→ **Your task**: Restate word for word the lines in the listing below, starting at the line containing "冰就是固态的水,这个大家都知" and ending at the line containing "商品名称:畅销被业 2026新款跨境外贸凉感丝纯色压花夏被系列 天蓝", both included; leave out the rest.

→ **Excerpted data**:
>>>>

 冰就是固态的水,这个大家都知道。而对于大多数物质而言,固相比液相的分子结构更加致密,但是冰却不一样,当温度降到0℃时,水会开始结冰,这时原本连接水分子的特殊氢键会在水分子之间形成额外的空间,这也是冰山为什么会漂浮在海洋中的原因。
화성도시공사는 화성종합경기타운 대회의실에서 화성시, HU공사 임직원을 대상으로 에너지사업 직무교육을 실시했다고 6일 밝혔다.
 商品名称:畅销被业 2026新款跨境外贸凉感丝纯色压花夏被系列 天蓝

<<<<
>>>>

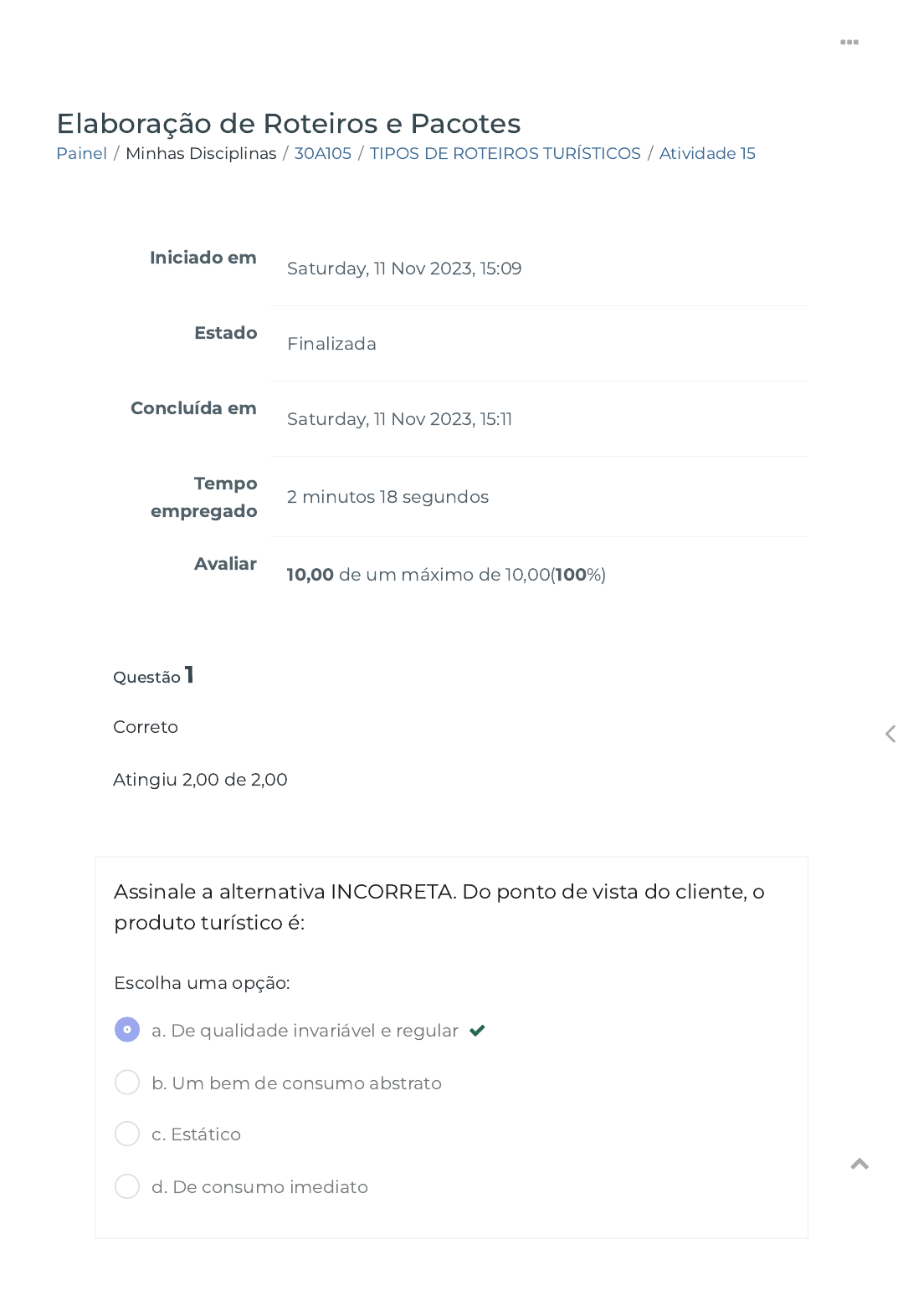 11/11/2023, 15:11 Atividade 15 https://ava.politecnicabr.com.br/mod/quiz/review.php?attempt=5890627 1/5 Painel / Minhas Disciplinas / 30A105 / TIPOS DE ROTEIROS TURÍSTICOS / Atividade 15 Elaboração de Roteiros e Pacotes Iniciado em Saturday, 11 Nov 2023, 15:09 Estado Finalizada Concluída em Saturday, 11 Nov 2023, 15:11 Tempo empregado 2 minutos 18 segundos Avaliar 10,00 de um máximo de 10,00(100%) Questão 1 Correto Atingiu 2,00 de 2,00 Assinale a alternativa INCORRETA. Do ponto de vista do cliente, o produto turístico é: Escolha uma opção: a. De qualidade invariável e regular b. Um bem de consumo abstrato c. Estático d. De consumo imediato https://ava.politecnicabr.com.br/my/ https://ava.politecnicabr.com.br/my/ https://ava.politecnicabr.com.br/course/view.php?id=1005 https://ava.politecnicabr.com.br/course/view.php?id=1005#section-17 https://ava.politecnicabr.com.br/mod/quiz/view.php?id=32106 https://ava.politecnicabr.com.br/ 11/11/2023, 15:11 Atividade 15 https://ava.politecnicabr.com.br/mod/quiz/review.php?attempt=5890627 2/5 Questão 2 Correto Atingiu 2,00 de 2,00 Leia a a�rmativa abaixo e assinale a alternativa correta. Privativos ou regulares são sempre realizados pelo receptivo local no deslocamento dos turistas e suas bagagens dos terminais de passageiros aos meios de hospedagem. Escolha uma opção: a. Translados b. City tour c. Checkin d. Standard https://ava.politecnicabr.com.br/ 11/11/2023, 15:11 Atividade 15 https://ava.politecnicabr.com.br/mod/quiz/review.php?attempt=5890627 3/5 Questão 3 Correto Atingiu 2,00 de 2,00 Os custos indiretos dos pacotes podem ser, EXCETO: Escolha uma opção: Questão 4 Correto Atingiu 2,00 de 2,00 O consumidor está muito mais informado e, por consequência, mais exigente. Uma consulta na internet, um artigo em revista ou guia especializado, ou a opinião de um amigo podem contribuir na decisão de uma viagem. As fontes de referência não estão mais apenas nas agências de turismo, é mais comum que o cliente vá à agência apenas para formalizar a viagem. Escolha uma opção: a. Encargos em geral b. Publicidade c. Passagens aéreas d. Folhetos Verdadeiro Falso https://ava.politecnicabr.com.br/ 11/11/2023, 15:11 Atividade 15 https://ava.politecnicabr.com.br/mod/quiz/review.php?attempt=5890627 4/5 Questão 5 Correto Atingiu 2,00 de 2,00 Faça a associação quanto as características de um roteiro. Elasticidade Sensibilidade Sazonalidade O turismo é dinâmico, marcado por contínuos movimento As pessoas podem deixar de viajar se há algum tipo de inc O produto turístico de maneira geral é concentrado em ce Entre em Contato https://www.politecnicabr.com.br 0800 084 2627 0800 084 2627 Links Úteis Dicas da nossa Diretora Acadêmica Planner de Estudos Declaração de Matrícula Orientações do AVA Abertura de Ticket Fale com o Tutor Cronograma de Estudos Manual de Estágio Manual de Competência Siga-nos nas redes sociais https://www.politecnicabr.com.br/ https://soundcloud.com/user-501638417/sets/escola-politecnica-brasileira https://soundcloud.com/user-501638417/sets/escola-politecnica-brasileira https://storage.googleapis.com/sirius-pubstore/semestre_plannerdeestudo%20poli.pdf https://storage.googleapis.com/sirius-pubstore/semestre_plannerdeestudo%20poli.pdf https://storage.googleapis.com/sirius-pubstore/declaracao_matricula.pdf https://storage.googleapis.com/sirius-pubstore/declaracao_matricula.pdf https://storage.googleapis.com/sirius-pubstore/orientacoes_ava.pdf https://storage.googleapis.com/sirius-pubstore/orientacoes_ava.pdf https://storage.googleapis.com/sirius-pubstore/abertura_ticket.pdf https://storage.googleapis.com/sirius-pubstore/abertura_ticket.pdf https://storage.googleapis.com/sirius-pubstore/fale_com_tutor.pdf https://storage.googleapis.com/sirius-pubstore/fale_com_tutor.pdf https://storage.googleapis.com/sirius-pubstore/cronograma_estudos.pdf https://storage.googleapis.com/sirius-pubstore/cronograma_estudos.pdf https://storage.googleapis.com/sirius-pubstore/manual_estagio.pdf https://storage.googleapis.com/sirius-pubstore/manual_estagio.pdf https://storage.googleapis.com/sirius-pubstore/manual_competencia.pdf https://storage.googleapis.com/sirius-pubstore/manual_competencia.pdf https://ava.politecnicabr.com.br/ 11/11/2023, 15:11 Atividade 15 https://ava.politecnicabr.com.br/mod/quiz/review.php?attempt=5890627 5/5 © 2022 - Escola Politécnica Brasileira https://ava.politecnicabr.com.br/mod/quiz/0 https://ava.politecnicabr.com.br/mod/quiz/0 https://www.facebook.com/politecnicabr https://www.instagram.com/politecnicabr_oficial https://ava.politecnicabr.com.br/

<<<<

→ **Answer to this exercise**:
 冰就是固态的水,这个大家都知道。而对于大多数物质而言,固相比液相的分子结构更加致密,但是冰却不一样,当温度降到0℃时,水会开始结冰,这时原本连接水分子的特殊氢键会在水分子之间形成额外的空间,这也是冰山为什么会漂浮在海洋中的原因。
화성도시공사는 화성종합경기타운 대회의실에서 화성시, HU공사 임직원을 대상으로 에너지사업 직무교육을 실시했다고 6일 밝혔다.
 商品名称:畅销被业 2026新款跨境外贸凉感丝纯色压花夏被系列 天蓝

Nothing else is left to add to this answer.